Francesca Carlotta Chittaro: Hamiltonian approach to sufficient optimality conditions
The celebrated Pontryagin Maximum Principle (PMP) provides a (first order) necessary condition for the optimality of trajectories of optimal control problems. In most cases, however, a trajectory satisfying PMP is not optimal. For these reasons, additional optimality conditions are required.
In this context, Hamiltonian methods are quite effective in establishing sufficient optimality conditions. In this talk, after a brief review of the main ideas of the general method, we will focus on optimal control problems associated with control-affine dynamics and costs of the form
\[\int_0^T |u(t)\varphi(x(t))|dt.\]
These kind of cost are very common in problems modeling neurobiology, mechanics and fuel-consumption.
This is a joint work with L. Poggiolini (DIMAI).

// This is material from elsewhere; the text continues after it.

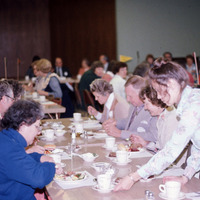 Several tables of people, most likely parents of Pacific University students, eating a luncheon in the MPR (Multi-Purpose Room) of Washburne Hall. This was likely taken during Parent's Weekend; possibly at a Parent-Faculty luncheon that took place on Apr. 16, 1977, several hours before Pacific University's annual Lu'au. One women in the background is wearing a lei. The original slide was printed in April 1977.

Matteo Franca: Stability and separation properties of Ground States for reaction-diffusion equations
In this talk we consider the long time behavior of positive solutions of the following Cauchy problem:
$$ \left\{ \begin{array}{l}
u_t=\Delta u + u^{q}\\
u(0,x)= \phi(x)\,,
\end{array} \right. $$
where $u :\mathbb{R} \times \mathbb{R}^{n} \to \mathbb{R}$, $q> \frac{n}{n-2}$ and of its generalization to spatial dependent potentials.
This equation can be regarded as a model for an exothermic reaction which may produce an explosion ($u$ is the temperature).
Hence we have two main expected behaviors: if “$\phi$ is large” $u$ blows up in finite time, while if “$\phi$ is small”
$u$ converges to $0$ for $t$ large. Our aim is to explore the threshold between these two behaviors.
In this context a key role is played by radial stationary solutions, i.e. Ground States, both regular and singular, and in particular by their separation properties.
In fact, roughly speaking, they determine the threshold between blowing up and fading solutions, and if suitable ordering properties are satisfied they gain some stability.
If there will be time we will discuss some recent results concerning separation properties of the stationary problem where the Laplace operator is replaced by its $p$-Laplace generalization.
Nicola Visciglia: On the Nonlinear Schroedinger Equation with multiplicative white noise
We prove global existence, uniqueness and convergence almost surely of solutions to a family of properly regularized and renormalized approximating equations to the Nonlinear Schroedinger Equation. One of the difficulties is connected with the low regularity of the white noise potential, that does not allow the use of the standard definition of product between functions.
We show how this problem can be settled by using a suitable renormalization argument, once we exploit a transformation first introduced by Hairer in the context of the heat equation. Next we show how the use of suitable energies allow to extend the solutions for every time almost surely w.r.t. to the probabilistic parameter defining the white noise potential.
In particular we extend a previous result by A. Debussche and H. Weber available in the case of a cubic Nonlinearity.
This is a joint work with N. Tzvetkov.